I used to work in coal fired power plant maintenance. Typical shutdown costs on a 450MW, exclusive of GE working on the turbine and generator, would be about $600K in 1986.

The mine would also have substantial shutdowns on their mile long conveyors.

So a capital expense that lasts decades, and (I’m guessing here) requires little maintenance isn’t that out of line
 

DMiller

Senior Member
Joined
Feb 21, 2010
Messages
16,571
Location
Hermann, Missouri
Occupation
Cheap "old" Geezer
Wind and Solar are not grid stand alone, supplemental requiring Base load station(s) to furnish fixed frequency and stable voltage to even grid connect. Subsidized to a inth degree, primarily Asian manufacture with the lack of a profit structure to flood the market with their machines. Chinese do not care of profit but to master the supply chain.
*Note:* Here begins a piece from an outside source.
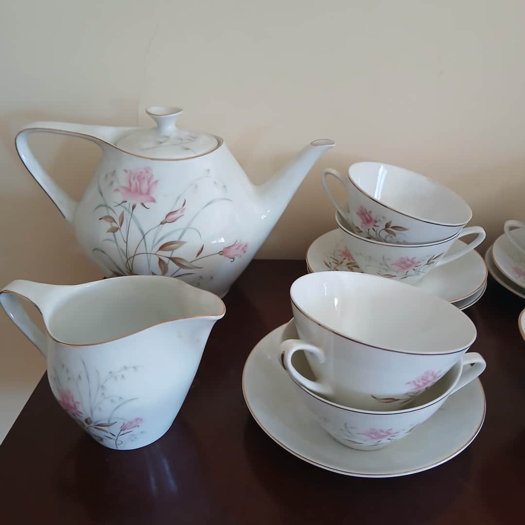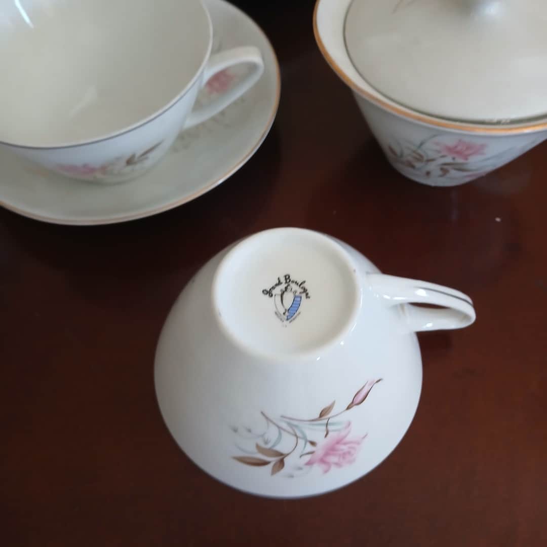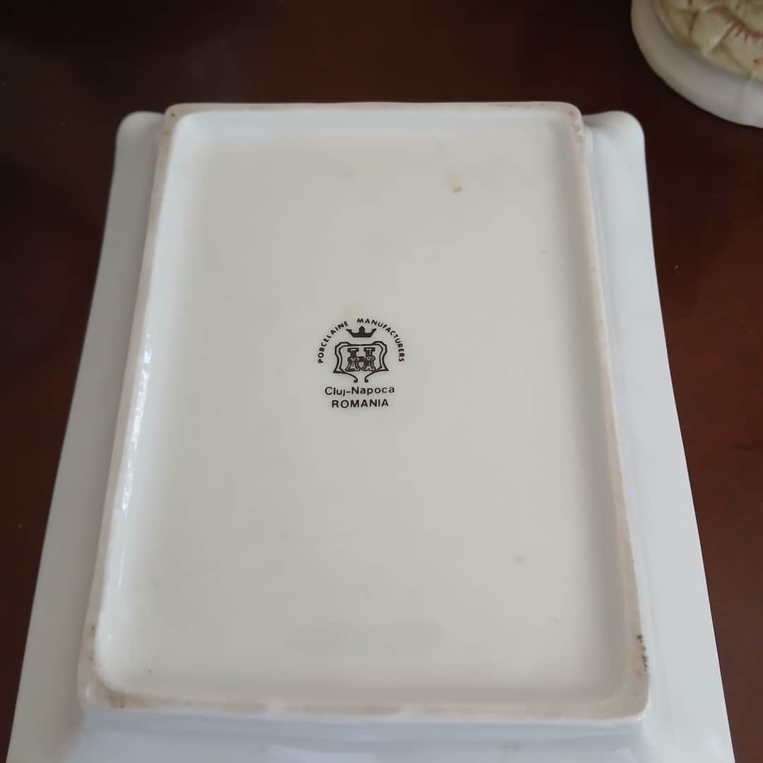Juego de te, cenicero con virola dorada y flores, 3 figuras en pasas.
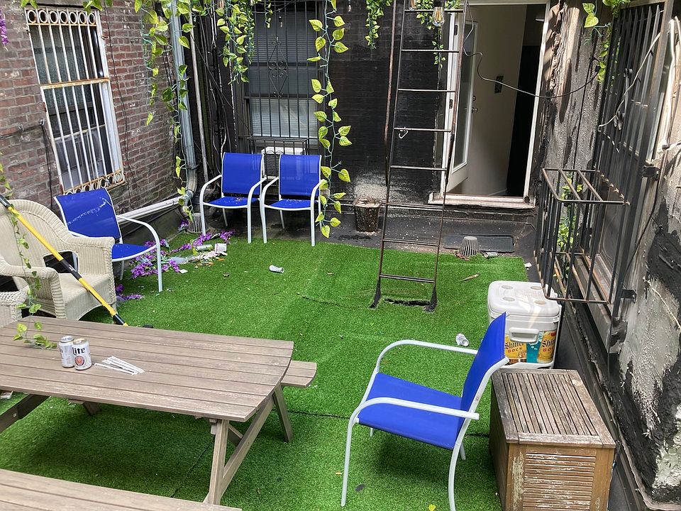 Private outdoor space! Huge apartment in a great East Village location! Brick wall, two decorative fireplaces. The largest of the bedrooms can fit king size bed with plenty of space for more furniture. The other bedrooms can fit queen size beds. All bedrooms have windows. Living room is enormous (no window) and there is a large eat-in-kitchen. Approximate dimensions: LR:15'8" x 16', BR1 14'7" x10'7", BR2: 14'9" x 6'7", BR3: 14'(9.6) x 7'7", BR4:13' x 6'8" Pets are ok!

I will agree large coal based stations as nukes are expensive on major outage costs, yet end delivery of large volumes of energy pay those back in spades. Wind stations are filthy oil leaking spot messes, blading even by the factor noted above will not ever be more than landfill fodder, also use mass amounts of petroleum products for every aspect of that type cast renewable source that isn’t.
Solar cells do degrade over time, large ‘farms’ have proven Hail sensitive, two basically destroyed NE and TX where with no recycle capability of the panels will become Hazmat storage sites due to Heavy metals present with glass covering damage now leachable. Again a renewable that isn’t.